Try it ->
The pictures get left out, but everything else in the listing below must be duplicated exactly.

Data excerpt ->
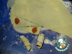 на основание треугольничка кладем повидло и скатываем в рогалик -
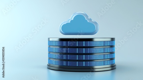 Modern Cloud Storage Concept with Stylized Cloud over Data Server in Bright Minimalist Background
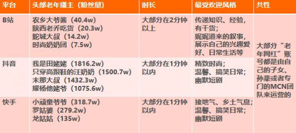 我对B站、抖音、快手三个平台部分头部中老年网红IP做了对比:

Solution to this task ->
 на основание треугольничка кладем повидло и скатываем в рогалик -
 Modern Cloud Storage Concept with Stylized Cloud over Data Server in Bright Minimalist Background
 我对B站、抖音、快手三个平台部分头部中老年网红IP做了对比:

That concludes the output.